Survey Software: Estimands summary

Summary of survey software: Estimands and Statistical Analyses Accomodated

This is a summary of the information included under the heading "Types of estimands and statistical analyses that can be accomodated" for each of the software packages described on these pages. Select the appropriate title for more information on any package.

AM Software

AM Software was developed particularly for analysis of data from educational surveys (such as the National Assessment of Educational Progress). It includes a number of analyses under the rubric of Marginal Maximum Likelihood (MML), based on test theory (Item Response Theory) and used particularly to analyze data in which different subjects complete to different subscales of a test. Procedures in this group include MML Regression, MML Means, MML Table (Ordinal), MML Table (Nominal), MML Composite Means, MML Composite Regression, NALS Table, and NAEP Table.

It also includes more standard analyses including Frequencies, Descriptives, Correlations, (Linear) Regression, Percentiles, Probit and Logit Regression.

Data manipulation capabilities include ability to recode or calculate variables.

New features currently in a Beta-test version (available for download) include:

Graphics: bar charts, line charts, and the new Sectioned Density Plot designed to compare distributions.
New import/export facilities that enable you to easily import/export data to/from nearly 150 different data file formats, as well as over ODBC.
Sample-design consistent Wald tests of model fit for all regression models, including the point-and-click ability to test the significance of subsets of regressors.
A new Mantel-Haenszel stratified chi-square test of the type typically used to evaluate differential item function on tests. As with all AM procedures, this one provides significance tests that are appropriate for complex sample designs.

Bascula

Bascula computes adjustment weights using auxiliary variables. It incorporates various weighting techniques. If only categorical auxiliary variables are used, the simplest technique is complete poststratification. For incomplete poststratification, Bascula offers a choice between linear weighting (based on the general regression estimator) and multiplicative weighting (based on iterative proportional fitting). Linear weighting can also be applied if one or more of the auxiliary variables is a quantitative variable.

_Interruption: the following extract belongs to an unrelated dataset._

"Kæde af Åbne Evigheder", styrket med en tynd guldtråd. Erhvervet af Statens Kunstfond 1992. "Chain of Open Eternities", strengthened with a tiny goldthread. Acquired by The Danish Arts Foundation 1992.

The program can calculate estimates of population totals, means, and ratios.

CENVAR

Totals, means, ratios, proportions for total population and domains; output includes estimated value of the parameter, standard error, coefficient of variation, 95% confidence interval, design effect (DEFF), and number of observations upon which the estimate is based.

CLUSTERS

Computes sampling errors and derived statistics such as design effects and intra-cluster correlations for ratios and their differences over population subclasses.

Epi Info

Means, proportions, odds ratios, risk ratios, risk differences.
EpiInfo also includes a wide variety of other estimation modules, not necessarily designed for survey data estimation, and there is a related mapping program, EpiMap.

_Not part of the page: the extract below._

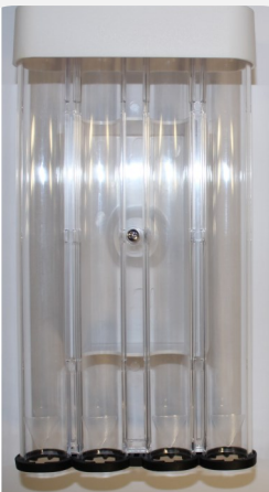
SPEKULUM KUTUSU SMD1650

Generalized Estimation System

The focus of this software is on calibration estimation using generalized regression (GREG) estimator theory.

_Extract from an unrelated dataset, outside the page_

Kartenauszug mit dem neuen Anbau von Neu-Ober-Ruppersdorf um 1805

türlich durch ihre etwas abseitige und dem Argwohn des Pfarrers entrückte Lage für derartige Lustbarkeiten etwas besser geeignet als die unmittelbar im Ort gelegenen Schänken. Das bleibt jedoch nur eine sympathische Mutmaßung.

Main functions are: calculation of sample design weights, calculation of g-weights under a calibration approach, calculation of calibration estimates, and calculation of synthetic estimates.
Estimation of totals, averages, and ratios, for universe or domains.
Auxiliary variables are used for estimation through the Generalized Regression (GREG) approach. This framework permits a large family of estimators including the traditional separate, combined and post-stratified estimators.
Synthetic estimates can also be produced from auxiliary information for each domain of interest.

IVEware

Descriptive statistics includig means, proportions, subgroup differences, linear contrasts.
Multiple imputation for missing data.
A variety of SAS procedures can be run under IVEware, including CALIS, CATMOD, GENMOD, LIFEREG, MIXED, NLIN, PHREG, and PROBIT for linear, logistic, Poisson, survival, and polytomous regression models. These runs incorporate survey design-based variance estimation and/or multiple imputation analysis for missing data.

PC CARP

Constructs estimates and standard errors for totals, means, quantiles, ratios, difference of ratios and entries in two-way tables. Weighted regression equations can also be estimated.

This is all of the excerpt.